Pre-draft measurables
| Height | Weight | 40-yard dash | 10-yard split | 20-yard split | 20-yard shuttle | Vertical jump | Broad jump | Bench press |
| 6 ft 2+1⁄2 in (1.89 m) | 315 lb (143 kg) | 5.08 s | 1.74 s | 2.87 s | 4.68 s | 27+1⁄2 in (0.70 m) | 9 ft 0 in (2.74 m) | 30 reps |
All values from Georgia Pro Day

===Baltimore Ravens===
He was selected in the seventh round with the 236th overall selection by the Baltimore Ravens in the 2012 NFL draft. Tyson was a member of the Ravens' Super Bowl XLVII championship winning team.

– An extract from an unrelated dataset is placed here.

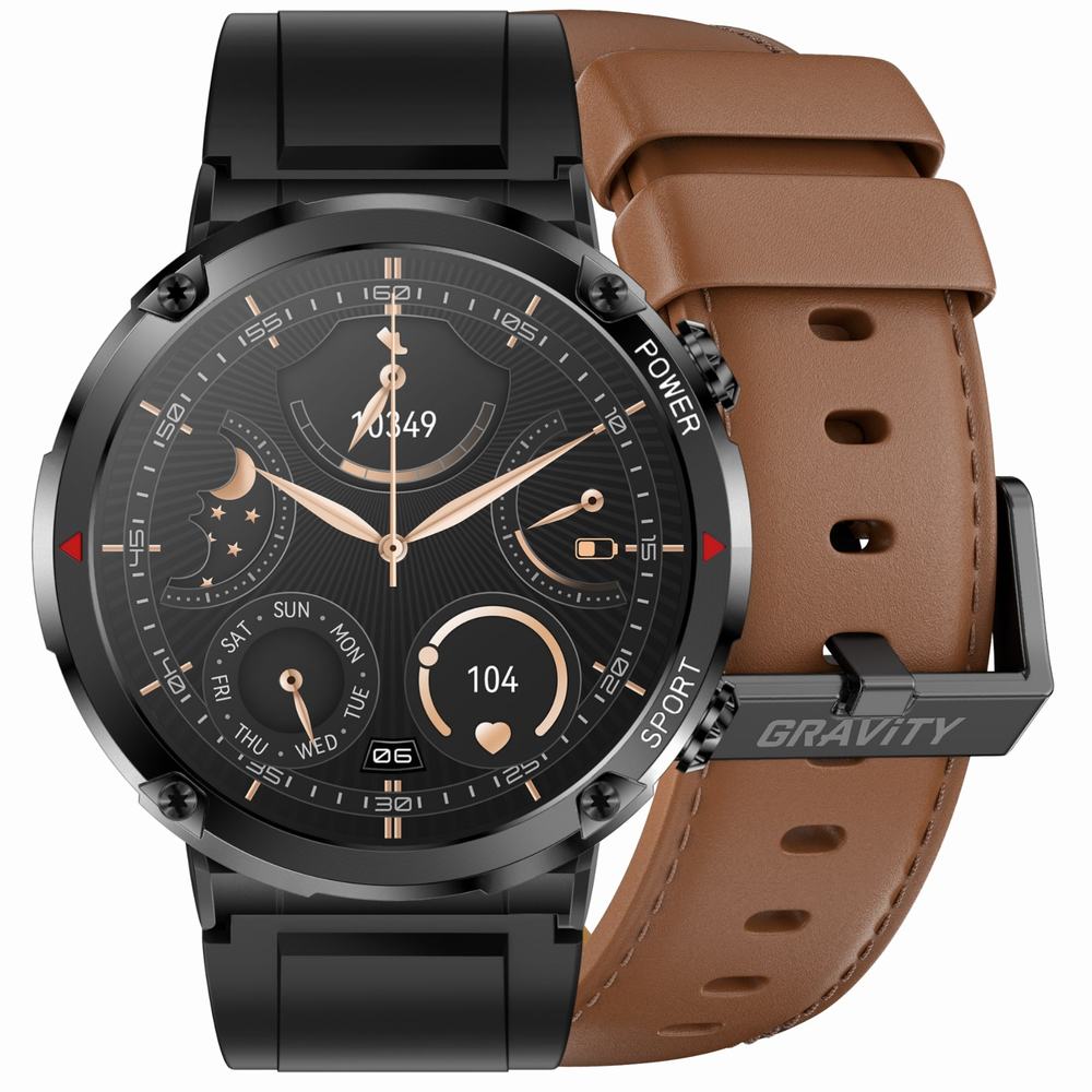 Czarno-brązowy smartwatch Gravity GT21 - największe atuty:

He recorded his first career interception versus Matthew Stafford and the Detroit Lions in Week 15 of the 2013 season. On September 5, 2015, he was waived-injured by the Ravens. On September 7, 2015, Tyson was released by the Ravens with an injury settlement.

===Seattle Seahawks===
He was signed by the Seattle Seahawks to a reserve/futures contract on January 19, 2016. On August 29, 2016, he was waived by the Seahawks.